**Task statement:**
All the data below goes into the copy word for word, but the pictures don't.
:: Extracted material ::
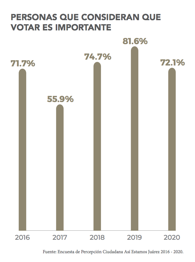 Ciudad Juárez, Chihuahua.— El porcentaje de juarenses que en 2020 consideraron que votar es importante tuvo una disminución significativa con respecto al año anterior, de acuerdo con el Informe Así Estamos Juárez, que presentó Plan Estratégico de Juárez; en 2020 el 72.1 por ciento de los juarenses opinó que votar es importante, mientras que en 2019 fue el 81.6. En 2018 la lista nominal en Juárez era de 1 millón 84 mil 514 personas, de acuerdo con información del Instituto Estatal Electoral de Chihuahua, y en la elección de Ayuntamiento de ese mismo año hubo una participación del 47.6 por ciento. Este domingo 6 de junio de 2021 se llevarán a cabo elecciones en todo México. En esta ocasión, se definirán la conformación de la Cámara de Diputados a nivel federal, y en el caso de Chihuahua también a nivel estatal, además de las presidencias municipales, las sindicaturas y la gubernatura. Para el Congreso del Estado de Chihuahua se elegirán 22 representantes por mayoría relativa y 11 de representación proporcional. Además, para Juárez se elegirá a quienes conformarán el Ayuntamiento 2021-2024, que constará de una persona titular de la Presidencia Municipal y su planilla de 11 Regidurías. El resto de estas, nueve más, serán repartidos por principio de representación proporcional. Además, se elegirá a la persona titular de la Sindicatura y una más para la Gubernatura. En 2018, se registró una participación, a nivel nacional, del 63.4 por ciento del listado para elegir titular de la Presidencia de la República. En Juárez ese año, el 47.6 por ciento de las personas en el listado nominal electoral participaron para elegir Ayuntamiento, y el 47.4 para elegir Sindicatura y diputaciones locales, de acuerdo con el Informe Así Estamos Juárez 2021.
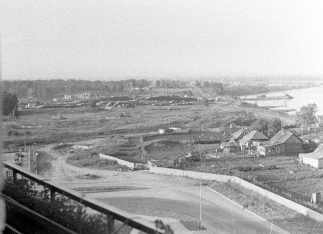 Улица Ленина, справа вдоль реки стояла деревня "Белобородово". Начало строительства новой дороги. Сейчас это место не узнать-новая дорога-новые дома.
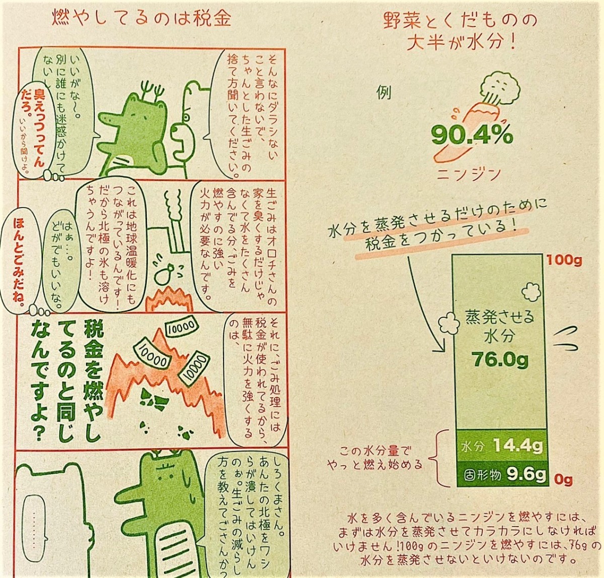 水分の多い生ごみの焼却には強い火力とお金がかかり、地球温暖化に繋がるCO₂も大量に発生します。
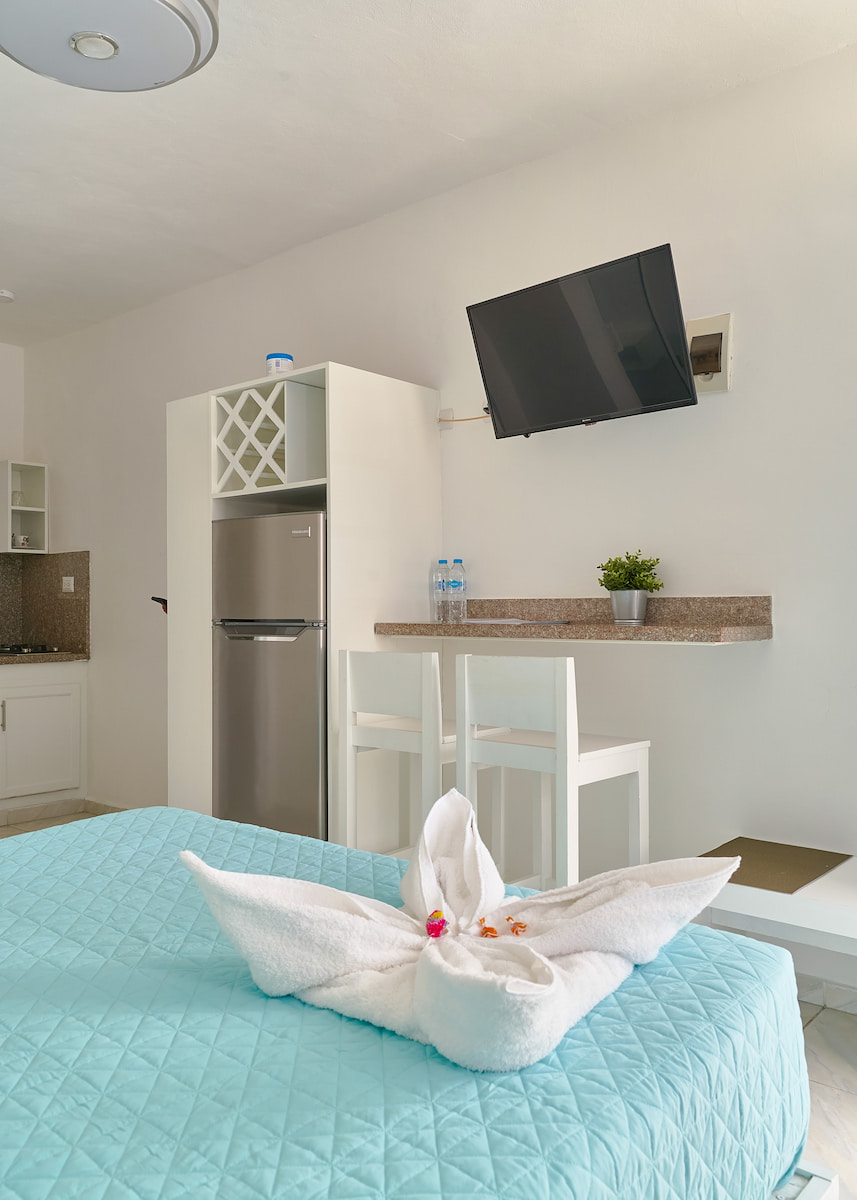 Aparta Florencia Punta Cana ofrece apartamentos amplios y bien equipados en la zona de Bávaro de Punta Cana. Esta propiedad es ideal para familias o grupos que buscan una experiencia como en casa durante sus vacaciones en Punta Cana. Cada apartamento cuenta con una cocina totalmente equipada, sala de estar y balcón privado, proporcionando un amplio espacio y comodidad para los huéspedes. El complejo cuenta con una bonita piscina exterior y una zona ajardinada, perfectas para relajarse tras un día explorando las playas o los lugares de interés cercanos. Situado a un corto trayecto en coche de populares complejos turísticos como Secrets Cap Cana y Breathless Punta Cana, Aparta Florencia ofrece una alternativa más independiente y rentable a las estancias con todo incluido. Los huéspedes pueden acceder fácilmente a los supermercados cercanos para abastecerse, lo que permite unas vacaciones más flexibles y económicas. La ubicación del establecimiento también facilita el acceso a los restaurantes, tiendas y opciones de ocio locales, dando a los visitantes la oportunidad de conocer el lado auténtico de Punta Cana más allá de las zonas turísticas.
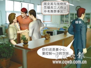 12日一早,張曉輝再次向校長向傳俊作了報告,“你們還是要小心點,而且不要全部都給答案,要控制一定的范圍!毕驀诟赖。
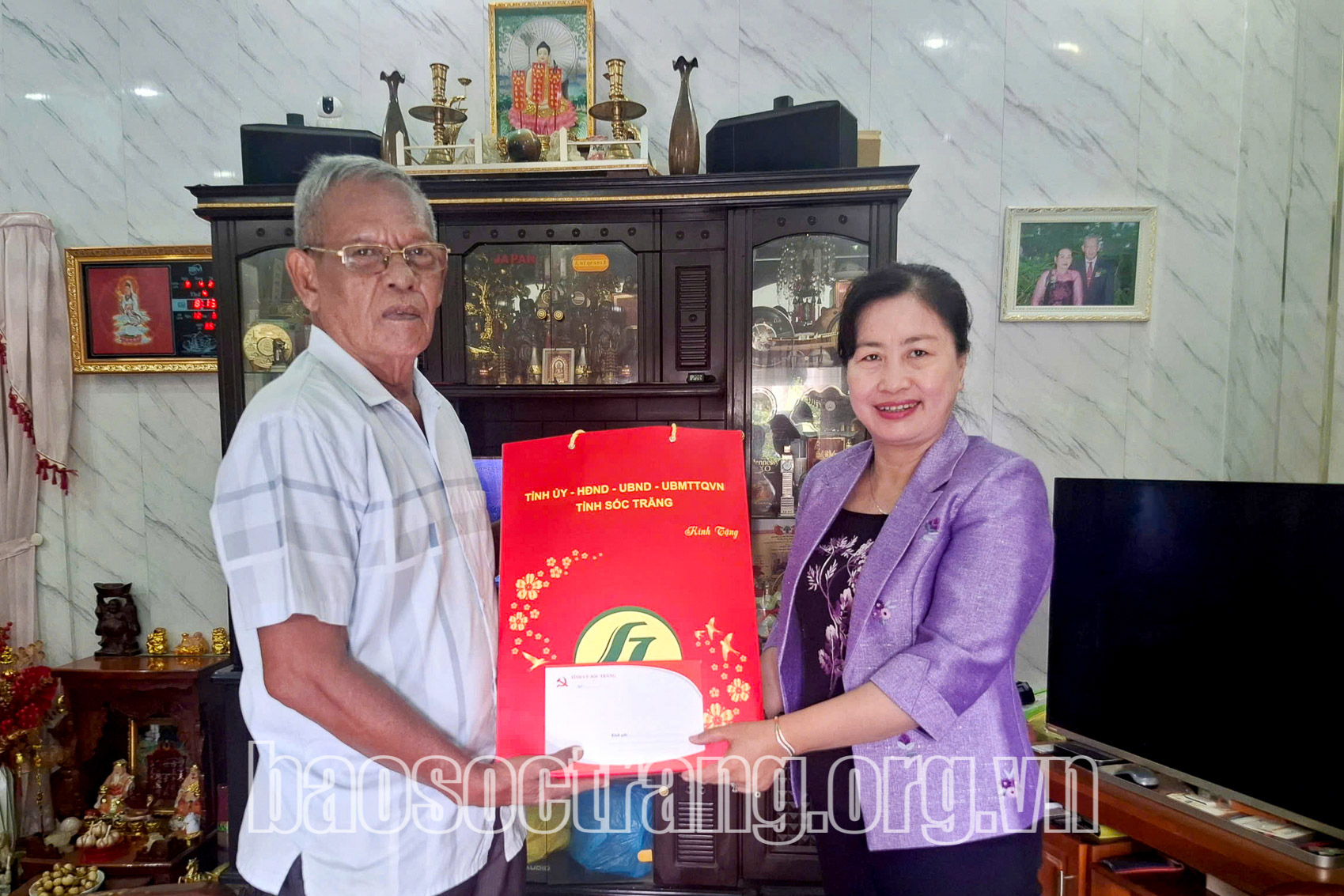 | Đồng chí Dương Thị Kim Thúy - Tỉnh ủy viên, Phó Trưởng Ban Thường trực Ban Tuyên giáo và Dân vận Tỉnh ủy Sóc Trăng tặng quà và chúc Tết đồng chí Kim Sơn - nguyên Giám đốc Sở Giáo dục và Đào tạo. Ảnh: THẠCH PÍCH |
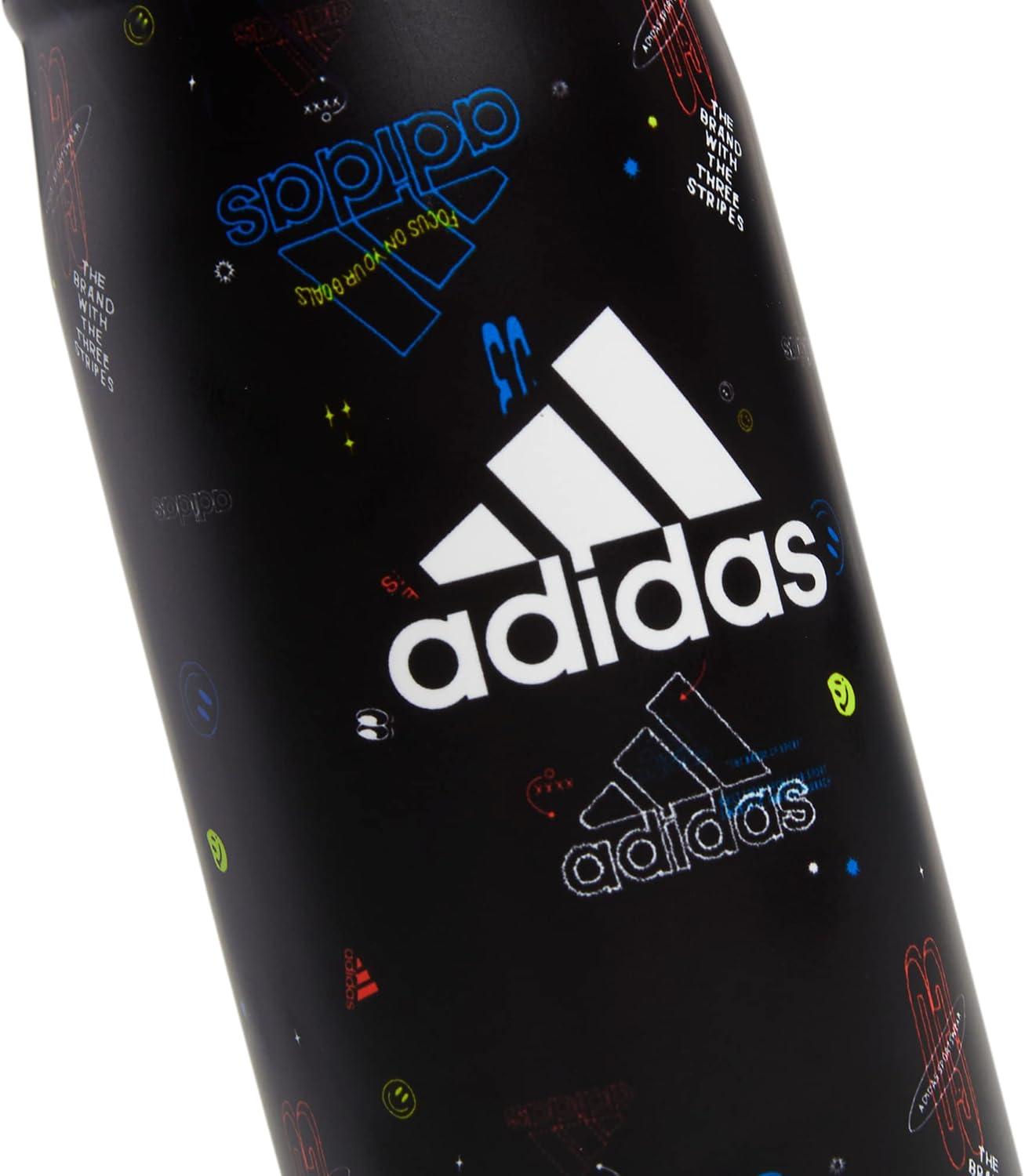 adidas 20 oz Stainless Steel Water Bottle, Insulated Double-Walled 18/8 Metal, Men, Women, Girls and Boys(Icon Brand Love Black/Black/White)
:::
**Exercise answer:**
 Ciudad Juárez, Chihuahua.— El porcentaje de juarenses que en 2020 consideraron que votar es importante tuvo una disminución significativa con respecto al año anterior, de acuerdo con el Informe Así Estamos Juárez, que presentó Plan Estratégico de Juárez; en 2020 el 72.1 por ciento de los juarenses opinó que votar es importante, mientras que en 2019 fue el 81.6. En 2018 la lista nominal en Juárez era de 1 millón 84 mil 514 personas, de acuerdo con información del Instituto Estatal Electoral de Chihuahua, y en la elección de Ayuntamiento de ese mismo año hubo una participación del 47.6 por ciento. Este domingo 6 de junio de 2021 se llevarán a cabo elecciones en todo México. En esta ocasión, se definirán la conformación de la Cámara de Diputados a nivel federal, y en el caso de Chihuahua también a nivel estatal, además de las presidencias municipales, las sindicaturas y la gubernatura. Para el Congreso del Estado de Chihuahua se elegirán 22 representantes por mayoría relativa y 11 de representación proporcional. Además, para Juárez se elegirá a quienes conformarán el Ayuntamiento 2021-2024, que constará de una persona titular de la Presidencia Municipal y su planilla de 11 Regidurías. El resto de estas, nueve más, serán repartidos por principio de representación proporcional. Además, se elegirá a la persona titular de la Sindicatura y una más para la Gubernatura. En 2018, se registró una participación, a nivel nacional, del 63.4 por ciento del listado para elegir titular de la Presidencia de la República. En Juárez ese año, el 47.6 por ciento de las personas en el listado nominal electoral participaron para elegir Ayuntamiento, y el 47.4 para elegir Sindicatura y diputaciones locales, de acuerdo con el Informe Así Estamos Juárez 2021.
 Улица Ленина, справа вдоль реки стояла деревня "Белобородово". Начало строительства новой дороги. Сейчас это место не узнать-новая дорога-новые дома.
 水分の多い生ごみの焼却には強い火力とお金がかかり、地球温暖化に繋がるCO₂も大量に発生します。
 Aparta Florencia Punta Cana ofrece apartamentos amplios y bien equipados en la zona de Bávaro de Punta Cana. Esta propiedad es ideal para familias o grupos que buscan una experiencia como en casa durante sus vacaciones en Punta Cana. Cada apartamento cuenta con una cocina totalmente equipada, sala de estar y balcón privado, proporcionando un amplio espacio y comodidad para los huéspedes. El complejo cuenta con una bonita piscina exterior y una zona ajardinada, perfectas para relajarse tras un día explorando las playas o los lugares de interés cercanos. Situado a un corto trayecto en coche de populares complejos turísticos como Secrets Cap Cana y Breathless Punta Cana, Aparta Florencia ofrece una alternativa más independiente y rentable a las estancias con todo incluido. Los huéspedes pueden acceder fácilmente a los supermercados cercanos para abastecerse, lo que permite unas vacaciones más flexibles y económicas. La ubicación del establecimiento también facilita el acceso a los restaurantes, tiendas y opciones de ocio locales, dando a los visitantes la oportunidad de conocer el lado auténtico de Punta Cana más allá de las zonas turísticas.
 12日一早,張曉輝再次向校長向傳俊作了報告,“你們還是要小心點,而且不要全部都給答案,要控制一定的范圍!毕驀诟赖。
 | Đồng chí Dương Thị Kim Thúy - Tỉnh ủy viên, Phó Trưởng Ban Thường trực Ban Tuyên giáo và Dân vận Tỉnh ủy Sóc Trăng tặng quà và chúc Tết đồng chí Kim Sơn - nguyên Giám đốc Sở Giáo dục và Đào tạo. Ảnh: THẠCH PÍCH |
 adidas 20 oz Stainless Steel Water Bottle, Insulated Double-Walled 18/8 Metal, Men, Women, Girls and Boys(Icon Brand Love Black/Black/White)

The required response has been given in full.